I don’t currently have posts about these topics but they’re on my list!
Hi Jim,
Thanks so much for your great post. It’s always been tremendously helpful.
I have one simple question about the difference between a significance level and a false positive rate.
I have read your comment in one of your p-value posts: “When you’re talking significance levels and the Type I error rate, you’re talking about an entire class of studies. You can’t apply that to individual studies.”
But, in this post, we simulated a test 1000 times, and in my humble opinion, it seemed like we treated 1000 tests as a kind of “a class of studies.” However, the false positive rate, 0.36, is still pretty different from the initial significance level setup, 0.05.
I think this is a silly question, but could you please kindly clarify this?
Thanks!
Hi Mavis,
That’s a great question. And there’s a myriad of details details like that which are crucial to understand. That’s why it’s such a deep, dark rabbit hole!
What you’re asking about gets to the heart of a major difference Frequentist and Bayesian statistics.
Using Frequentist methodology, there’s no probability associated with the null hypothesis. It’s true or not true but you don’t know. The significance level is part of the Frequentist methodology. So, it can’t calculate a probability about whether the null is true. Instead, the significance level assumes the null hypothesis is true and goes from there. The significance level indicates the probability of the hypothesis producing significant results when the null is true. So, you don’t know whether the null is true or not, but you do know that IF it is true, your test is unlikely to be significant. Think of the significance level as a conditional probability based on the null being true.
Compare that to the Bayesian approach, where you can have probabilities associated with the null hypothesis. The example I work through is akin to the Bayesian approach because we’re stating that the null has a 90% chance of being correct and a 10% chance of being incorrect. That’s a different scenario than Frequentist methodology where you assume the null is true. That’s why the numbers are different because they’re assessing different scenarios and assumptions.

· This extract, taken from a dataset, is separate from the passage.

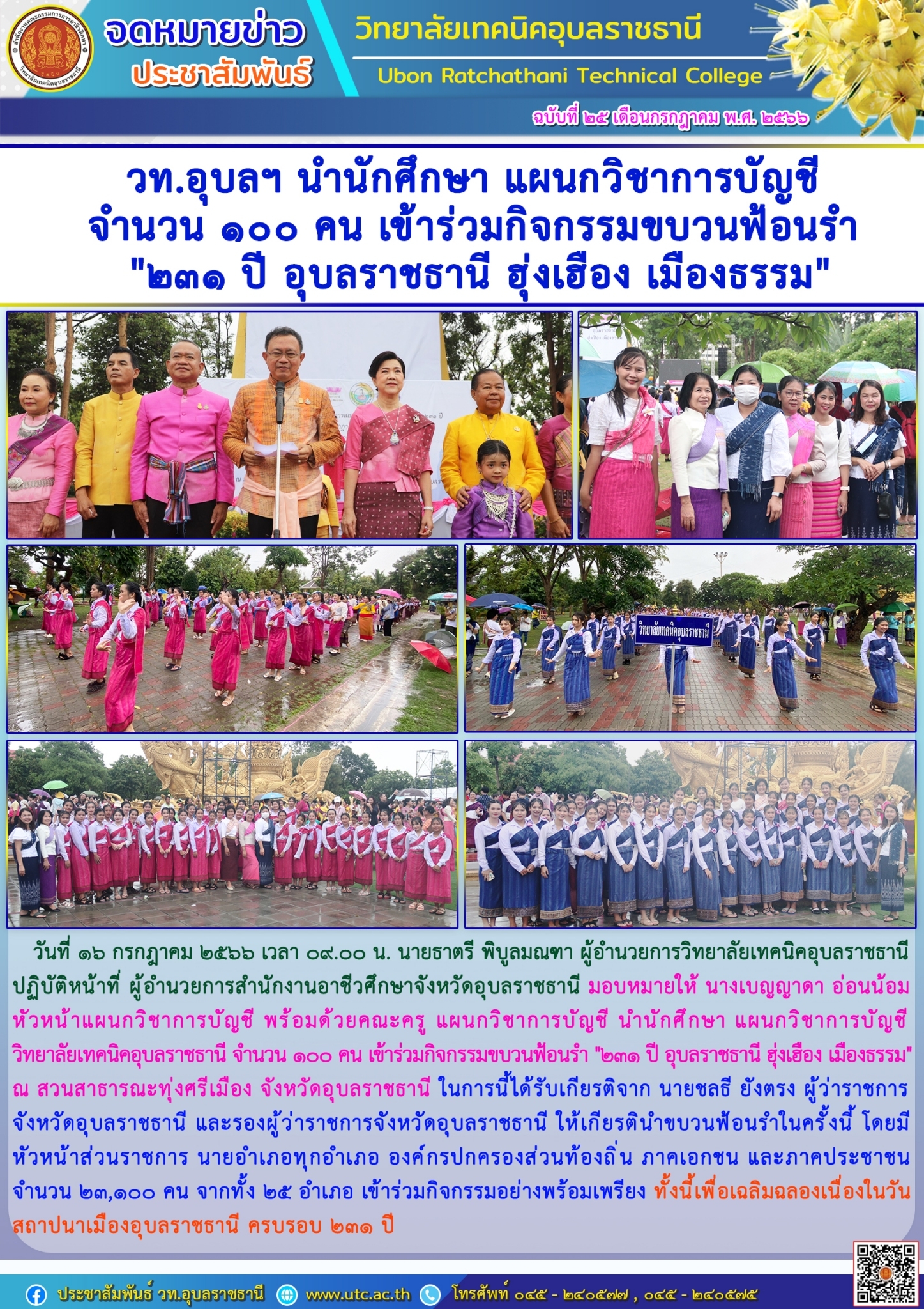วันที่ ๑๖ กรกฎาคม ๒๕๖๖ เวลา ๐๙.๐๐ น. นายธาตรี พิบูลมณฑา ผู้อำนวยการวิทยาลัยเทคนิคอุบลราชธานีปฏิบัติหน้าที่ ผู้อำนวยการสำนักงานอาชีวศึกษาจังหวัดอุบลราชธานี มอบหมายให้ นางเบญญาดา อ่อนน้อมหัวหน้าแผนกวิชาการบัญชี พร้อมด้วยคณะครู แผนกวิชาการบัญชี นำนักศึกษา แผนกวิชาการบัญชี วิทยาลัยเทคนิคอุบลราชธานี จำนวน ๑๐๐ คน เข้าร่วมกิจกรรมขบวนฟ้อนรำ “๒๓๑ ปี อุบลราชธานี ฮุ่งเฮือง เมืองธรรม” ณ สวนสาธารณะทุ่งศรีเมือง จังหวัดอุบลราชธานี ในการนี้ได้รับเกียรติจาก นายชลธี ยังตรง ผู้ว่าราชการจังหวัดอุบลราชธานี และรองผู้ว่าราชการจังหวัดอุบลราชธานี ให้เกียรตินำขบวนฟ้อนรำในครั้งนี้ โดยมีหัวหน้าส่วนราชการ นายอำเภอทุกอำเภอ องค์กรปกครองส่วนท้องถิ่น ภาคเอกชน และภาคประชาชน จำนวน ๒๓,๑๐๐ คน จากทั้ง ๒๕ อำเภอ เข้าร่วมกิจกรรมอย่างพร้อมเพรียง ทั้งนี้เพื่อเฉลิมฉลองเนื่องในวันสถาปนาเมืองอุบลราชธานี ครบรอบ ๒๓๑ ปี

In a nutshell, yes, the 1000 tests can be a class of studies but this class includes cases where the null is both true and false at some assumed proportion. For significance levels, the class of studies contains only studies where the null hypothesis is true (e.g., 5% of all studies where the null is true).
I hope that clarifies that point!
Idea!
It is not necessary to use the notation α for the threshold (critical) value of the random variable
P ̃_v=Pr[(T ̃≤-|t|│H_0 )+(T ̃≥+|t|│H_0 )]
and call it the significance level. For it a different notation, for instance, p_crit should be used.
There is no direct relationship between the observed p-value (p_val) and the probability of the null hypothesis P(H_0│data), just as there is no direct relationship between the critical p-value p_crit and the significance level α (the probability of a type I error)!
Hi Nikita,
I don’t follow your comment. Is this just your preference for the notation or something more? Alpha is the usual notation for this concept.
Very informative and useful. Thank you
You’re very welcome! I’m glad it was helpful!